But Sometimes He Does Appear Like Someone Who Would Carry One /jk) - Tumblr Posts
I bring more
Etho: I like to play this game called nap roulette. I take a nap and don’t set an alarm. Will it be 20 min or 4 hours? Nobody knows. It’s risky and I like it.
Jimmy: Scott, I want a bedtime story! Scott: I’m busy, Jimmy. I’ll tell you one tomorrow. Jimmy: If you don’t tell me a story, I won’t go to bed! Scott: Once upon a time, there was a person named Jimmy, who always wanted things their way. One day, their friends got sick of it and locked them in the basement for the rest of their life. Everyone else lived happily ever after. The end. Jimmy: I don’t like these stories with morals.

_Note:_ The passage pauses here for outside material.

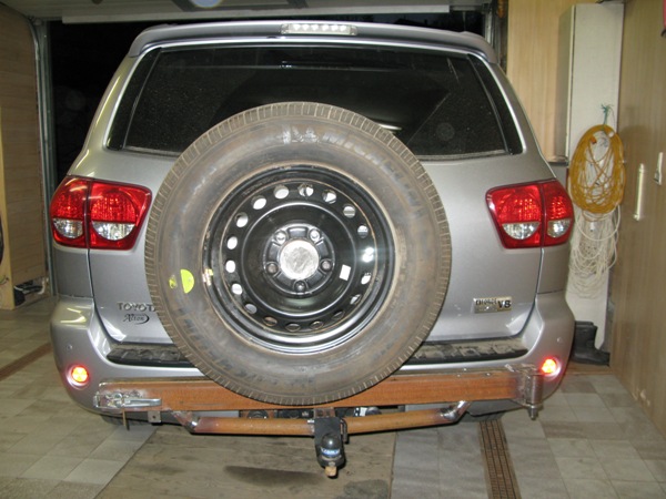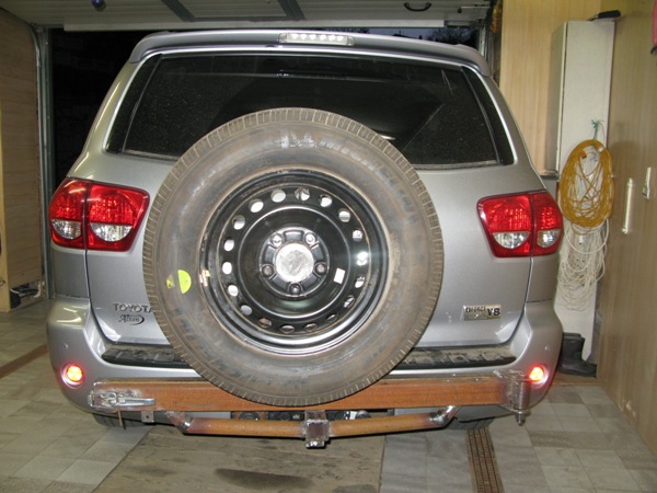 Последний вариант крепления запаски обкатал, доволен, о том, что весит запаска, вспоминаю, когда вижу в зеркало заднего вида верхушку номерного знака и все-е. Если хочу на нее посмотреть при остановке, не выходя из машины - включаю заднюю передачу и вижу ее на мониторе через камеру.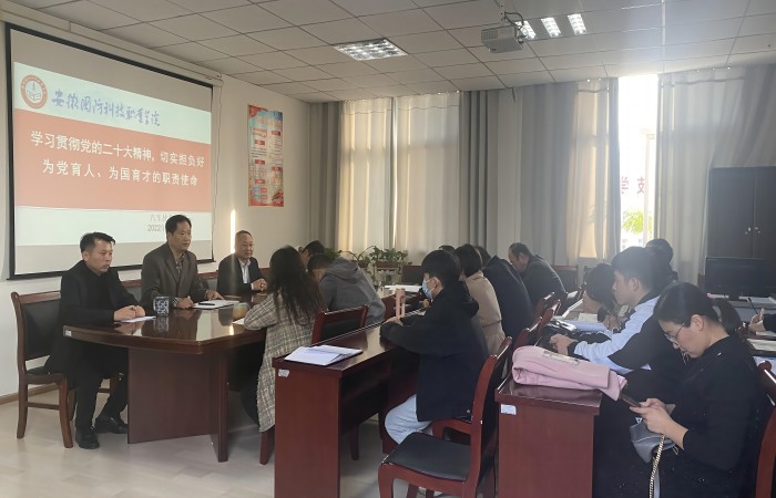 孙良平传达了安徽省教育系统学习贯彻党的二十大精神视频会议的主要工作部署,即全面准确领会学习贯彻党的二十大精神的重大意义,全面形成学习贯彻党的二十大精神的新高潮,全面落实为党育人、为国育才的使命担当,从严从实、落地生根、开花结果。

Bdubs: Where did you get that tomato soup? Etho: It’s actually a bowl of ketchup I just microwaved.
Skizz: Hey, what have you two been doing? Martyn: we were helping Cleo with their wedding vows and we were kicked out of their house for making it inappropriate. Joel: How is “Nice ass, Bdubs” inappropriate?
BigB, talking to Martyn: They're trying to lure me into a false sense of security! Well, joke’s on them! I’ve never been secure in my life! And I’m not about to start now!
Mumbo: I’m not so sure you’re stakeout material. Scott: I’m a chronic insomniac, I was born for this.
BigB: Ew. What kind of tea is this? Martyn: I boiled gatorade.
Pearl: I keep a picture of all of us in my wallet. Whenever I face difficulties, I take it out and stare at the picture. The Squad: Awwww- Pearl: And I tell myself "If I can deal with these idiots, then I can deal with anything." The Squad: Oh.
Gem: So what do you have planned for the future? Jimmy: Lunch. Gem: No, like long term. Jimmy: Oh...um, dinner?
Cleo: As someone who has a long history of not understanding anything, I feel confident in my ability to continue not knowing what is going on.
Bdubs, singing: I don’t want a lot for Christmas, there is just one thing I need— Joel: A family. Pearl: A better love life. Impulse: Mental stability. Jimmy: *clueless* Bagels?
Gem: Are you tall enough to play basketball though? Joel: Are you calling me short? Gem: I'm calling you vertically challenged.
Cleo: Am I in trouble? Skizz: Take a guess. Cleo: No? Skizz: Take another guess.
Etho: Sweet dog you got there. Police: Yes, this is our new drug sniffing dog. Etho: Still training huh? Police: What do you mean? Etho: Etho: Never mind.
Martyn, after asking the squad how to get rust off of a blade: Thank you good people oddly versed in knives.
Martyn: I wanna die. Joel: We all do, you aren't special!
Impulse and Gem texting* Impulse: Come downstairs and talk to me please. I'm lonely. Gem: Isn't Etho there? Impulse: Yes but I like you more.
Grian: When I first got my autism diagnosis, my first thought was “woah… it’s canon” and I think that maybe thoughts like that is why BigB made me get tested.
Pearl: We can’t tell you because you’re not a member of the club. Tango: What club? Scar: The hating Tango club. Tango: …The fuck? I should be the leader of that club!
+ a bonus soup group quote:
Keralis: Between Gem, Pearl and Impulse, there are three braincells. Keralis: And Impulse has all three of them.